The Farer Curtis: A Modern Pilot Watch Done Differently

Farer has never really done subtle, and that is precisely why the brand continues to stand out in an increasingly crowded field of enthusiast led watchmaking. The new Curtis, part of the freshly launched Pilot Series II collection, takes the classic flieger formula and gives it the sort of colourful, textured and contemporary twist that has become a Farer calling card over the past decade.

At first glance, the Curtis feels unmistakably aviation inspired. The oversized conical crown, highly legible dial layout and stripped back three hand format all nod toward traditional pilot watches. But this is not some vintage cosplay piece trying desperately to look like it flew over Europe in the 1940s. Instead, Farer has created something far more modern and wearable, blending utility with a surprisingly refined sense of design.

The standout feature is undoubtedly the dial. Finished in a rich blue tone with segmented concentric texturing, it delivers far more visual depth than most tool watches at this price point. Applied Lumicast numerals and markers filled with Grade X2 Super LumiNova keep things highly legible, while creamy yellow accents on the minute track and seconds hand add just enough personality without tipping into gimmick territory. It feels distinctly Farer.

The new titanium case is another major talking point. Measuring 40mm wide, 43mm lug to lug and just 10.9mm thick, the Curtis wears compact for a pilot watch, something many collectors will appreciate given the oversized tendencies of the category. The Grade 2 titanium construction keeps the weight impressively low, while the navy blue PVD coating gives the case a stealthy, almost tactical edge. Water resistance is rated to 100 metres too, making this far more versatile than the average aviation themed piece.

Under the hood sits the Sellita SW300 1 Elaboré automatic movement, delivering a healthy 56 hour power reserve and operating at 4Hz. More importantly for everyday wear, the Curtis also features anti magnetic protection up to 500 Gauss thanks to an internal soft iron Faraday cage. That level of magnetic resistance is significantly above standard ISO requirements and adds genuine practicality to the package.

Farer has also continued its tradition of naming watches after notable explorers and aviators. The Curtis is named after Eleanor Lettice Curtis, one of the pioneering female pilots of the Air Transport Auxiliary during the Second World War. It is a fitting tribute for a watch that blends classic aviation cues with forward thinking execution.
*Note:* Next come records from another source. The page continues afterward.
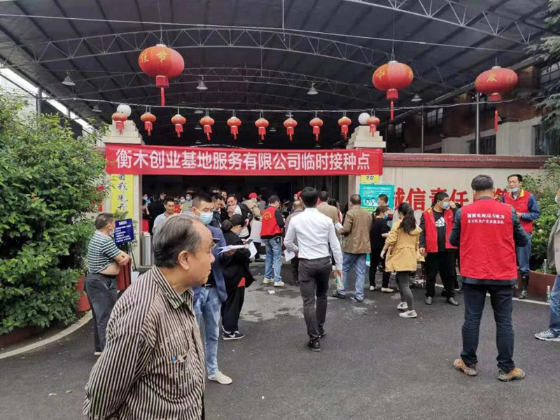 為協(xié)助屬地政府集中做好新冠疫苗接種工作,5月25日至5月27日,衡木創(chuàng )業(yè)基地服務(wù)有限公司黨支部在園區設立新冠疫苗臨時(shí)接種點(diǎn),前來(lái)接種新冠疫苗的居民群眾佩戴口罩,有序排隊等待接種。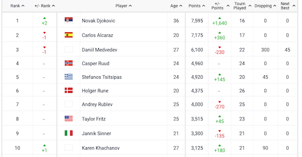 Naredna mesta ostala su nepromenjena i na njima se nalaze Kasper Rud, Stefanos Cicipas, Holger Rune, Andrej Rubljov, Tejlor Fric i Janik Siner.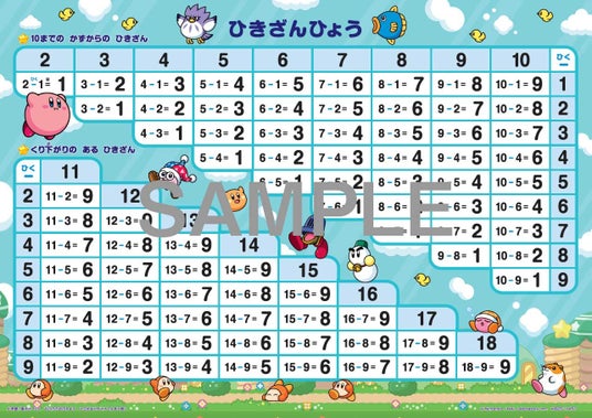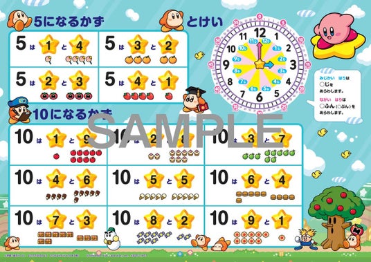 算数は「100までの数字」「たし算表」「ひき算表」「『5』と『10』の分解と時計の読み方」の4枚です。小学一年生までに習う文字と算数の基礎の内容をコンパクトにまとめてあります。カービィたちと楽しく、国語と算数をスタートしましょう!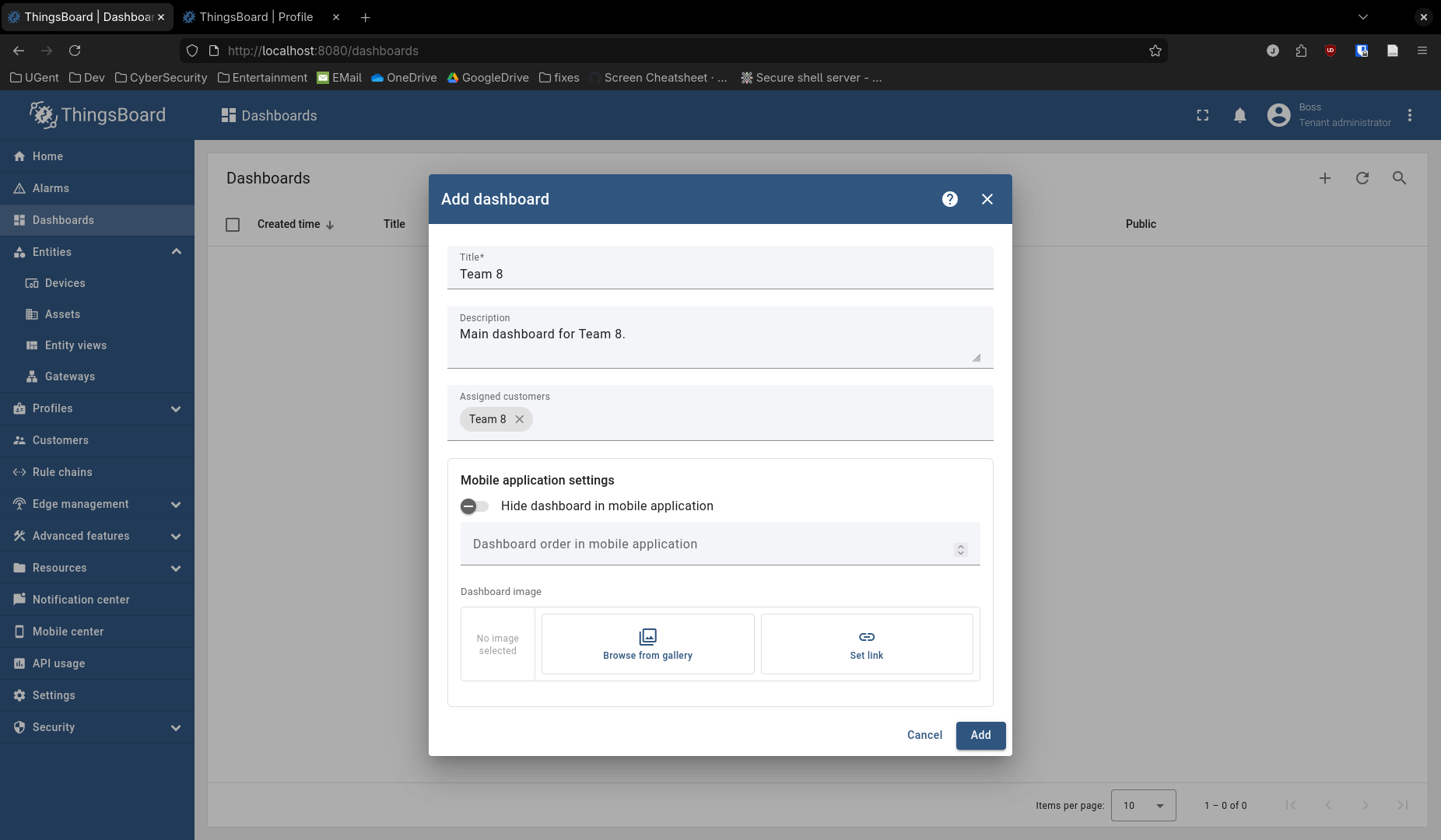 A customer represents an organization or group that will have access to specific devices and dashboards. We will set everything up as the tenant administrator account.
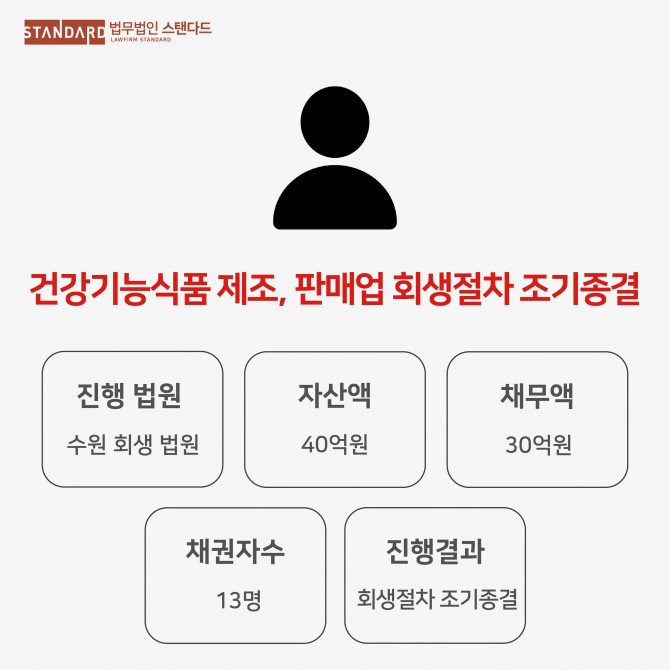 법인회생 성공사례 - 건강기능식품 제조 · 판매업 회생절차 조기종결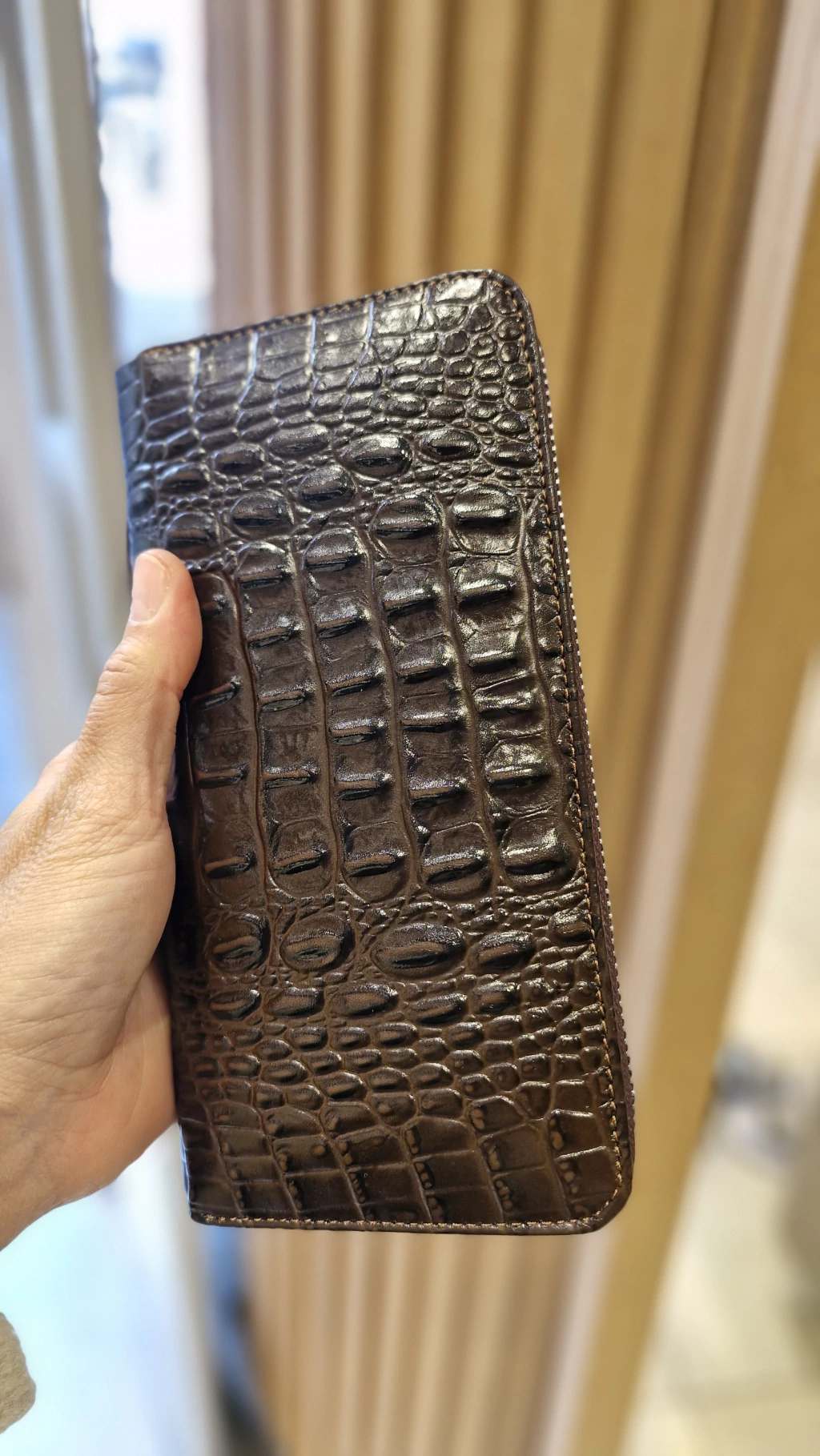Billetera CANOPLAS de cuero, diseñada para quienes valoran la elegancia y la funcionalidad. Cuenta con un cierre metalizado que le aporta un toque sofisticado y se abre completamente, brindándote máxima comodidad y facilidad para organizar tus tarjetas y billetes.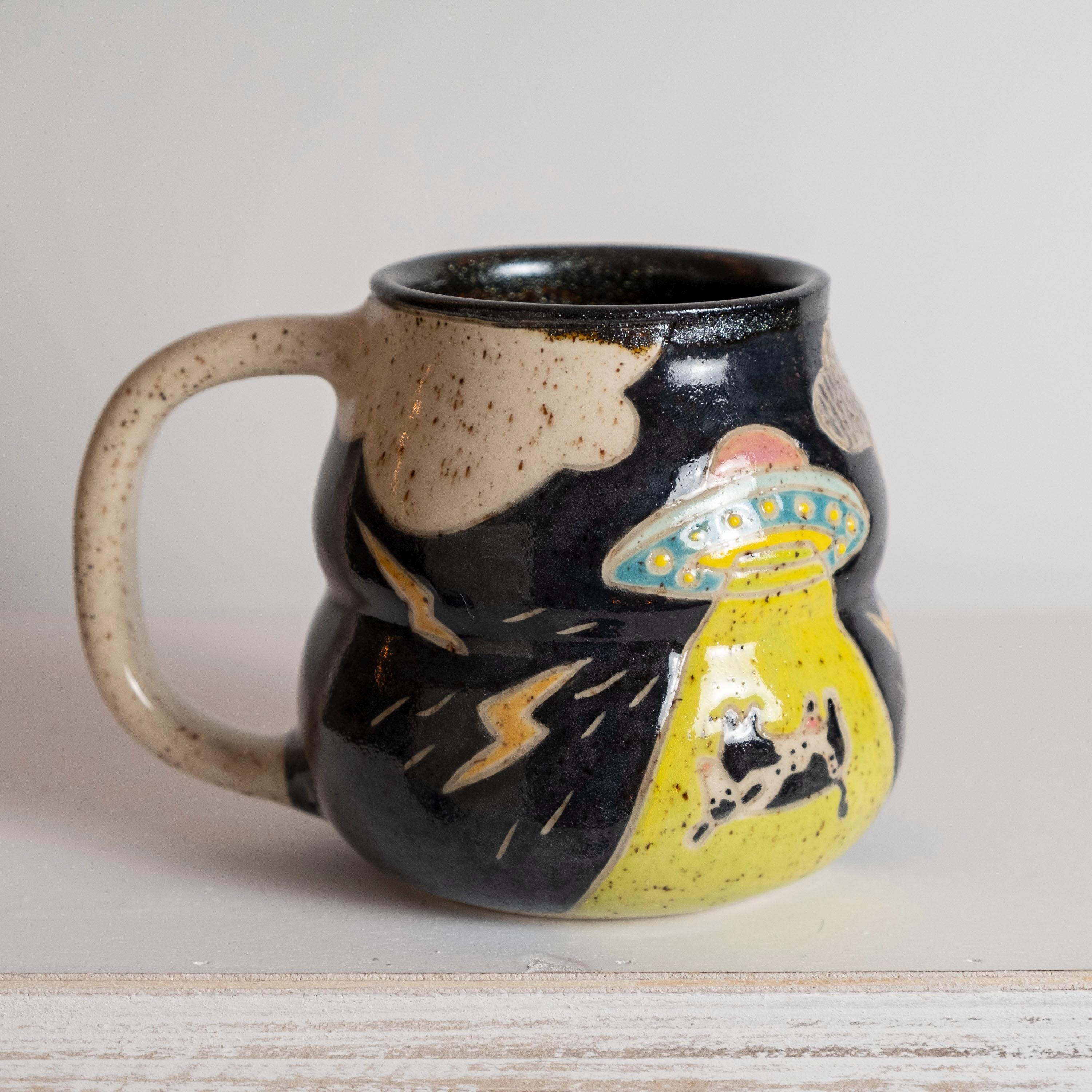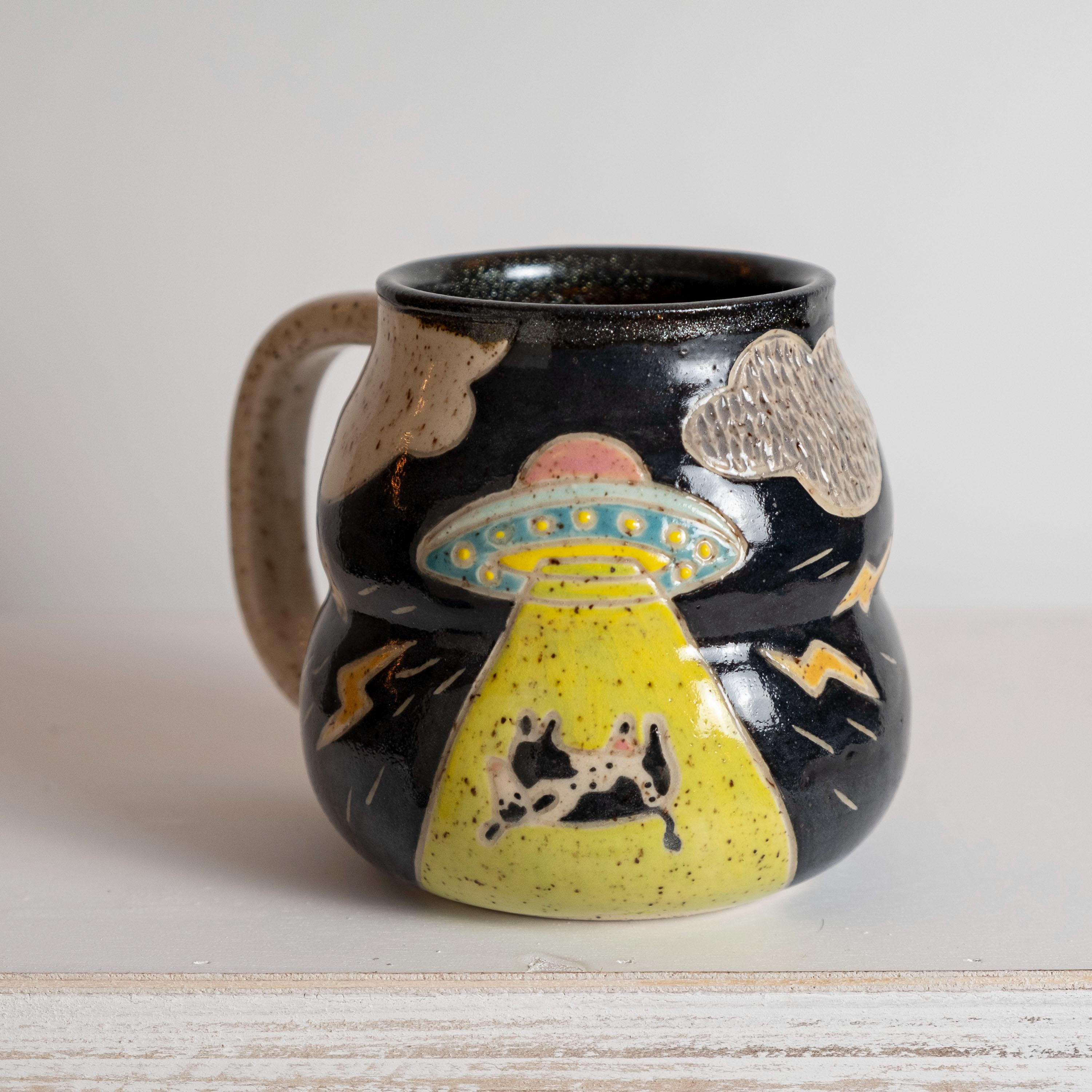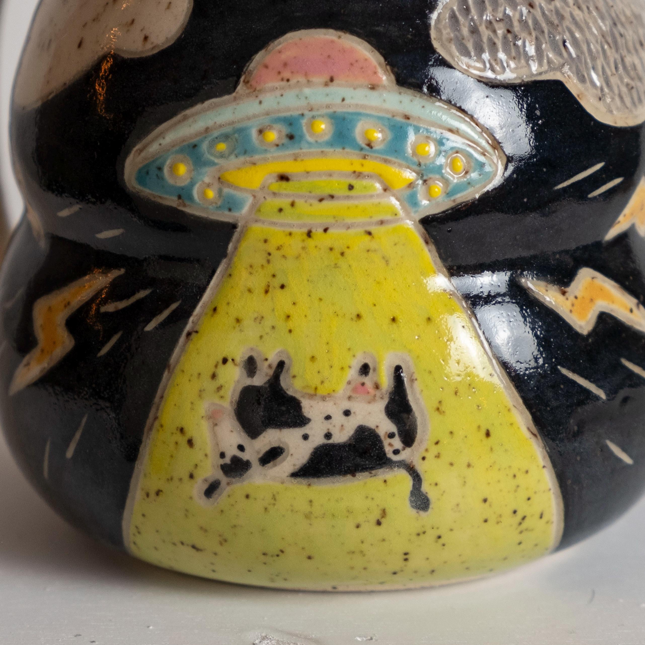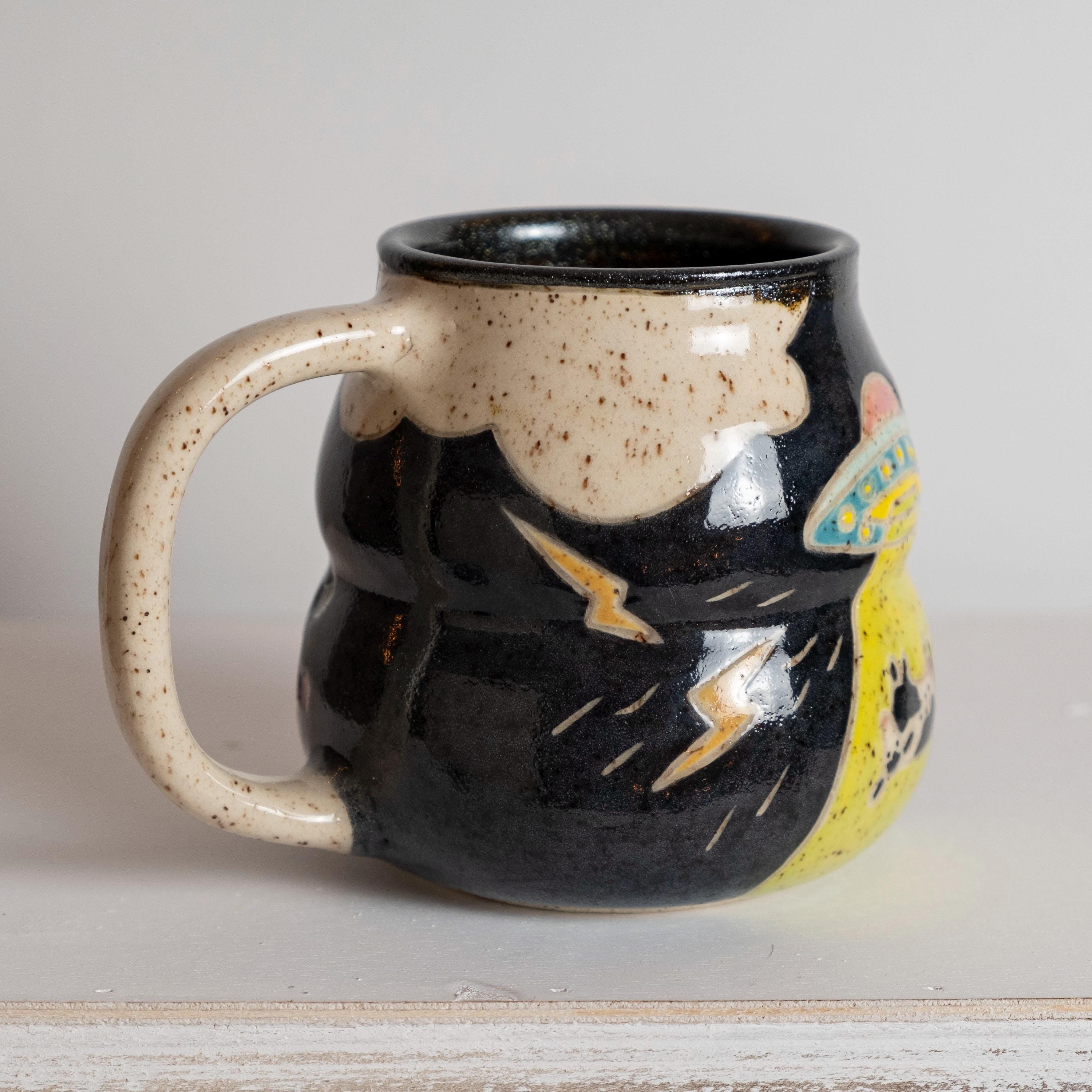 This ceramic bubble mug was thrown on the wheel and then decorated with a spooky, freaky design. One side of the mug featured an illustrated space ship abducting a down in a beam of light, surrounded by clouds and lightening bolts. The other side of the mug features a floating black alien, surrounded by lava lamp blobs of goo. The liner glaze for this mug is black glitter that really sparkles! Beam me up! (Probing costs extra...)

Priced at £1,350, the Curtis feels aggressively competitive considering the titanium construction, Elaboré grade Swiss movement and thoughtful design work on offer. In a market flooded with vintage inspired pilot watches that often blur into one another, this manages to feel genuinely distinctive while still remaining highly wearable.

For collectors wanting a pilot watch with proper personality rather than another monochrome military homage, the Curtis may well be one of Farer’s strongest releases yet.

Specification

  • Case size: 40mm x 43mm x 10.9mm

  • Case Material: Grade 2 Titanium

  • Water Resistance: 100m

  • Movement: Swiss-made Sellita SW300-1 Elaboré movement.